In the Hands of the Treasury
It was during this week in history, on April 22, 1864, that the 38th Congress passed the Coinage Act of 1864, which provided that “the shape, mottoes, and devices of said coins shall be fixed by the director of the mint, with the Approval of the Secretary of the Treasury.”With the new motto approved by Chase and by Congress, it made its debut later in 1864 on the two-cent coins. On March 3, 1865, Congress approved the U.S. Mint “to place the motto on all gold and silver coins that ‘shall admit the inscription thereon.’”
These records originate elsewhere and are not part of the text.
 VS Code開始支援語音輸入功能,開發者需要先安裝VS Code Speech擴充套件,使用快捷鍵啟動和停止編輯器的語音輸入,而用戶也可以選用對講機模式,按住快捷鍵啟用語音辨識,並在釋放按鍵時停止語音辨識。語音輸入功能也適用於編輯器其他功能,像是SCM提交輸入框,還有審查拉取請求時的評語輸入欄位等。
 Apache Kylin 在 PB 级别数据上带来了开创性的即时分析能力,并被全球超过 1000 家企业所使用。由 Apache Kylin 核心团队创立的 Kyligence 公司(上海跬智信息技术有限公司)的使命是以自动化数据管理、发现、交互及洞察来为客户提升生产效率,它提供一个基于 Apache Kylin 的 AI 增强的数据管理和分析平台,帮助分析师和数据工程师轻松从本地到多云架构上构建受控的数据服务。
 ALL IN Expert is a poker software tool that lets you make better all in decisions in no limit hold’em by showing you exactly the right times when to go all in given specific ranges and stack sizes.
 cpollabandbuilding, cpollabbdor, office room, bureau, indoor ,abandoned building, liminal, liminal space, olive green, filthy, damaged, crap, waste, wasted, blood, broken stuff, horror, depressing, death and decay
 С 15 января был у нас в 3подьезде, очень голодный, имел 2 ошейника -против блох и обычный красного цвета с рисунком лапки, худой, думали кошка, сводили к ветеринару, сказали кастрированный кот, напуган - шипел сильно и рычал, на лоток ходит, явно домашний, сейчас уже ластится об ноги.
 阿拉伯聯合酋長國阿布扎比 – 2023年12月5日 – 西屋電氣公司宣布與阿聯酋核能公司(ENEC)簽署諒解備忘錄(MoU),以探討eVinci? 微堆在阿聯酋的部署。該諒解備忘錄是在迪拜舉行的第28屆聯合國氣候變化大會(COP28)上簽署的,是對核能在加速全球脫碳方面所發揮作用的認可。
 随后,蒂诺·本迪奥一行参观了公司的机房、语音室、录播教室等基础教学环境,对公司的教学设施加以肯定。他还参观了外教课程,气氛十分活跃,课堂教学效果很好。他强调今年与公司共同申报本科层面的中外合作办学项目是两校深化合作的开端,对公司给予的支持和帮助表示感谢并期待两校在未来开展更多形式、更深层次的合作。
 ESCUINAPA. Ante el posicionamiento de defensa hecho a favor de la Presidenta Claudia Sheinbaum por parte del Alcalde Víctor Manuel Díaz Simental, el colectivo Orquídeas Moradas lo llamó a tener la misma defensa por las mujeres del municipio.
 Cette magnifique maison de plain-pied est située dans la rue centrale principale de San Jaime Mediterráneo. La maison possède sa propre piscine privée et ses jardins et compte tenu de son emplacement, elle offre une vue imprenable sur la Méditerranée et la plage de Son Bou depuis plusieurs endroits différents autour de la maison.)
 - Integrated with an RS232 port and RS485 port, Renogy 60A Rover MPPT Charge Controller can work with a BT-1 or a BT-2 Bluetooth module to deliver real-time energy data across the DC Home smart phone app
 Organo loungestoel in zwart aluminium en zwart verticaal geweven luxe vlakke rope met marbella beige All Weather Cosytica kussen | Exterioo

The national motto has maintained in place since 1864, though it has been disputed and reaffirmed from time to time. The penny maintained the motto since 1909 and the dime since 1916. Since 1908, the motto has been on all gold coins, silver dollar coins, half-dollars, and quarters.
Unexpected Resistance
In 1907, the motto’s placement on currency encountered opposition from an unlikely source. President Theodore Roosevelt, who commissioned the relief artist Augustus Saint-Gaudens to design new eagle and double eagle coins, decided to leave the motto off. The public outcry was enough to have the motto continue on all future coins and force Roosevelt to explain his reasoning.“It is a motto which it is, indeed, well to have inscribed on our great National monuments, in our temples of justice, in our legislative halls, and in buildings such as those at West Point and Annapolis―in short, wherever it will tend to arouse and inspire a lofty emotion in those who look thereon. But it seems to me eminently unwise to cheapen such a motto by use on coins.”
Motto Affirmation
Fifty years after Roosevelt’s relative goof, President Dwight D. Eisenhower signed a bill that ensured “the inscription ‘In God We Trust,’ and thereafter this inscription shall appear on all United States currency and coins” and confirmed it as the national motto. Rep. Charles Bennett, who first introduced the bill, argued that “when imperialistic and materialistic communism seeks to attack and destroy freedom, we should continually look for ways to strengthen the foundations of our freedom.” It was a direct reference to the Cold War struggle with the Soviet Union. “While the sentiment of trust in God is universal and timeless, these particular four words ‘In God We Trust’ are indigenous to our country.”In 2011, the House of Representatives presented a resolution “reaffirming ‘In God We Trust’ as the official motto of the United States and supporting and encouraging the public display of the national motto in all public buildings, public schools, and other government institutions, having considered the same, reports favorably thereon without amendment and recommends that the concurrent resolution be agreed to.” It passed in the House by a vote of 396 to 9.